Throughout occupied Palestine, women have long “faced barriers and systematic denial to comprehensive sexual and reproductive health and rights”, impacting pregnancy, childbirth, menstruation, contraceptive access and bodily autonomy. A cursory overview includes the following examples: between 2000-2005, travel restrictions imposed by the occupation (including permits, checkpoints and curfews) resulted in a five-fold decrease in antenatal care and a ten-fold increase in unsafe deliveries; between 2001-2005, the United Nations Population Fund (UNFPA) recorded more than 70 cases of women in labour at checkpoints that resulted in both maternal and new born deaths; in Gaza, the 16-year blockade, has restricted freedom of movement and limited imports of essential supplies, adversely affecting maternal health; and in 2015, 80 per cent of mothers participating in a study reported that they had suffered political violence during pregnancy, with 25 per cent of women in East Jerusalem reporting they were exposed to tear gas inhalation while pregnant. 

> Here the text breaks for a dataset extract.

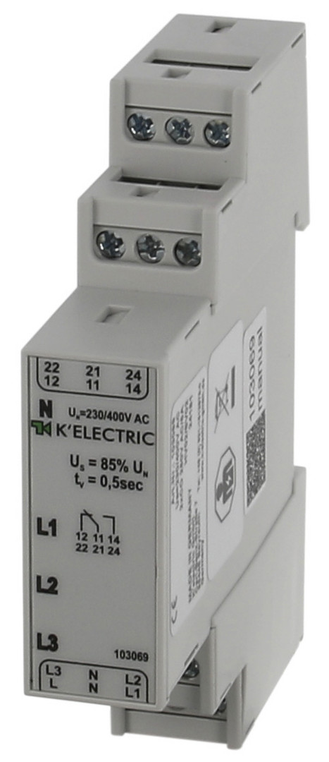 | Kurzbeschreibung | Unterspannungsmessrelais 3 LED mit Phasenanzeige, 2 Wechsler |
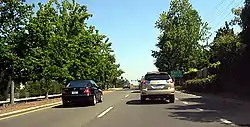 The widening of Oregon Avenue from a congested narrow residential street to a median-divided 4-lane Oregon Expressway was narrowly approved by Palo Alto voters in a June 5, 1962, election; about 90 homes on the south side of Oregon Avenue were moved or destroyed to make room for it.[8] The original Oregon Ave still exists on the north side of the roadway, though is mostly separated from G3 with trees and shrubbery.

Even this brief review highlights the centrality of reproductive violence and the control of women’s autonomy to the apparatus of occupation: through restrictions on movement, checkpoints, settler violence, and deprivation of supplies. As Palestinian scholars have emphasised “nationalist framings of reproduction and the idea of women’s bodies as vessels of population growth that must be controlled have framed the Palestinian woman’s womb as a weapon that must be curtailed”. When understood in this way, we can move beyond a narrow view of gender or reproductive violence as an individual harm committed by a perpetrator against a victim, and instead properly situate it as an intrinsic and inevitable aspect of oppressive regimes. 

Indeed, gender and reproductive violence have been inherent in systems of oppression throughout history, including slavery, colonisation, apartheid and genocide. For example, under South Africa’s apartheid regime black women were viewed as “impossible to rape” due to their so called “hypersexuality and licentiousness”, while measures were imposed that sought to control racial reproduction including through family planning policies that urged white women to have children and black women to limit family size, employer- and state-backed policies requiring black women to have contraceptive injections to retain jobs, and the more common use of sterilization for black women. In the United States, indigenous women endured a long history of sexual violence and reproductive injustice at the hands of colonial entities and policies. In the 1970s, 25 per cent of Native American women of child-bearing age were sterilised – often under duress or without their consent – following the passage of the Family Planning Services and Population Research Act of 1970. This legacy continues as Native American women suffer one of the highest rates of sexual violence for which there is little accountability and continue to have higher rates of sterilisation than the rest of the population. 

This dehumanisation and ‘other’-ing of oppressed women’s bodies in disparate situations and across history highlights that reproductive justice will always lack under the framework of occupation, colonisation and genocide. Unless Palestine is liberated, there is no possibility for reproductive justice. 

Ultimately, as international lawyers it is incumbent on us to ensure our analyses understand and unpack the gendered impact of the Israeli occupation and apartheid across occupied Palestine, and the most recent military assault on Gaza, to reveal the full panoply of crimes which are often rendered invisible. South Africa’s submissions before the ICJ relating to the imposition of measures intended to prevent births goes some way in this regard. But further work is necessary to understand the gendered and reproductive impacts of the crimes committed by Israel which cannot be divorced from the wider context of occupation and colonialism. If international law is unable to reckon with these structural injustices, then it is responsible for breeding the very impunity it was created to overcome.